= Turnage Theatre =

Historic theater in North Carolina

== Introduction ==
The Turnage Theatre is a historic performing-arts complex at 150 West Main Street in Washington, North Carolina. The building contains two historic entertainment spaces: an upstairs vaudeville theater dating to 1913 and a movie palace added around 1930. It is a contributing property in the Washington Historic District and is operated by Arts of the Pamlico, formerly the Beaufort County Arts Council.

== Early History ==
The upstairs venue, originally called the New Theatre, opening in 1913 in the Hodges Building. Its opening was delayed by damange from the hurricane of 1913. The theatre presented vaudeville acts, musical revues, and community performances. C.A. Turnage acquired an interest in the theater in 1914, and the complex was later named for him.

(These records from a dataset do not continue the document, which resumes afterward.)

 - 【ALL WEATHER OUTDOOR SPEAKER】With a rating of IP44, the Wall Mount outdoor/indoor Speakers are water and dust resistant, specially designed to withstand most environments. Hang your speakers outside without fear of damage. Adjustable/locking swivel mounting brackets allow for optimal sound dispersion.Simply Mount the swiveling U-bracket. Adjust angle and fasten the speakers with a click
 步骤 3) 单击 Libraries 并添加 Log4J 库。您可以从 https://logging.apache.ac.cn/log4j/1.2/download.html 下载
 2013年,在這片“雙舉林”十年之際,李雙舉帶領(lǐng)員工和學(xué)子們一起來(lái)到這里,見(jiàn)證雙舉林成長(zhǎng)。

As motion pictures became more popular, the New Theatre began presenting films. Its first taking picture was reportedly On Trial, shown in March 1929. Construction subsequently began on a larger palace-stlye theater behind the original building. The new auditorium opening on February 27, 1930, with the musical film Lord Byron of Broadway. The older vaudeville theatre remained above the Main Street storefronts

== Closure and Restoration ==
Turnage operated the theatre until 1955, when it was sold to the Stewart and Everett Theatre Company. The venue continued showing films until the late 1970s, when competition from suburban multiplexes and the decline of downtown businesses contributed to its closure.

Community preservation advocates formed the Turnage Theatre Foundation during the 1990s. After an extensive restoration, the theater reopened in 2007. Financial difficulties forced it to close again in 2011. In 2013, the Beaufort County Arts Council purchased the property for $250,000 and subsequently began operating as Arts of the Pamlico.

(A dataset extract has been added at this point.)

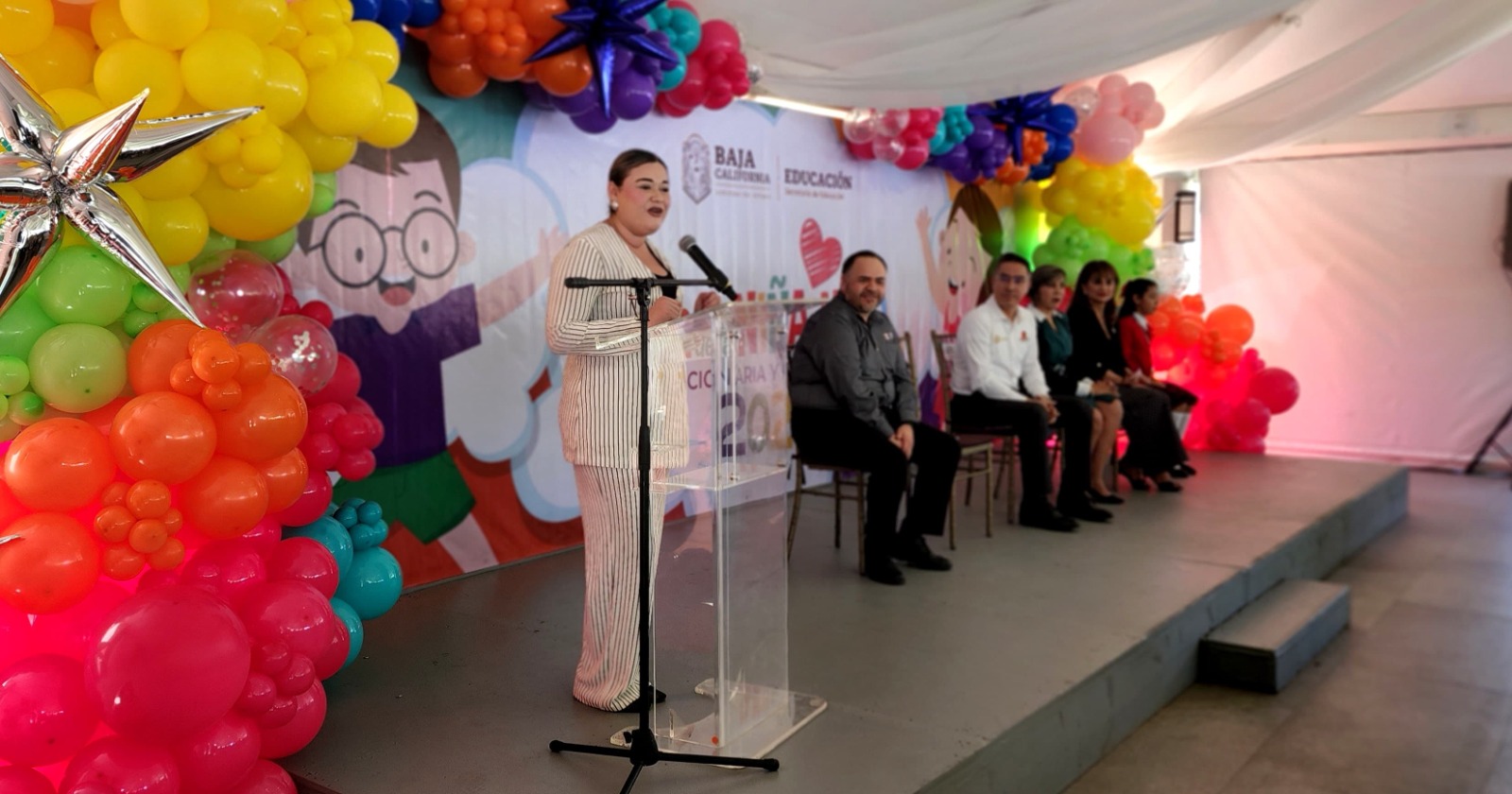La diputada Michelle Tejeda, presidenta de la XXV Legislatura del Congreso del Estado, participó en el evento de presentación de las ponencias de las niñas y los niños que integran el programa “Niñas y Niños Gobernadores y Funcionarios 2025”, organizado por la Secretaría de Educación de Baja California.

== Architecture and Preservation ==
The complex's distinguishing feature is the survival of two entertainment venues from different periods under one roof. The upstairs vaudeville theater retains historic features including its sloped wooden floor, balcony, stage, piano pit, catwalk, curtain mechanisms, and the an early horn speaker. The rear auditorium represents the movie-palace era and continues to serve as the principal performance space.

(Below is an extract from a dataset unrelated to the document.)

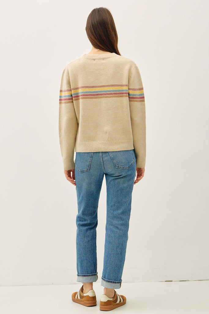 Stay cozy and stylish this season with our multiple color striped sweater in warm taupe. This ultra-soft pullover features a classic crew neck and long sleeves, perfect for layering or wearing on its own during crisp fall and winter days. The playful striped detailing on both the body and sleeves adds a fun, vibrant touch to your wardrobe basics. Whether you're heading out for a casual day or curling up with a good book, this sweater promises comfort and charm in every stitch. Get ready to fall in love with your new favorite knit!
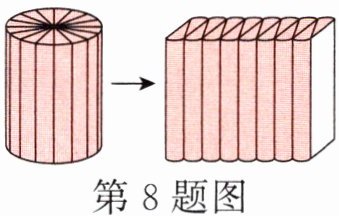 8. 把一个底面直径是8厘米的圆柱平均切开,再拼成一个近似的长方体后(如下图),表面积增加了80平方厘米。这个圆柱的高是(

The building contributes to the Washington Historic District. In 2020, a $1.3 million preservation project replaced the deteriorated timber-supported roof over the vaudeville theater with a new steel structure an included additional interior repairs.

== Present Use ==
Arts of the Pamlico uses the Turnage as a regional arts center. The complex hosts live music, theatrical productions, films, exhibitions workshops, youth arts education, and community programs. It also contains gallery, studio, retail, and support spaces.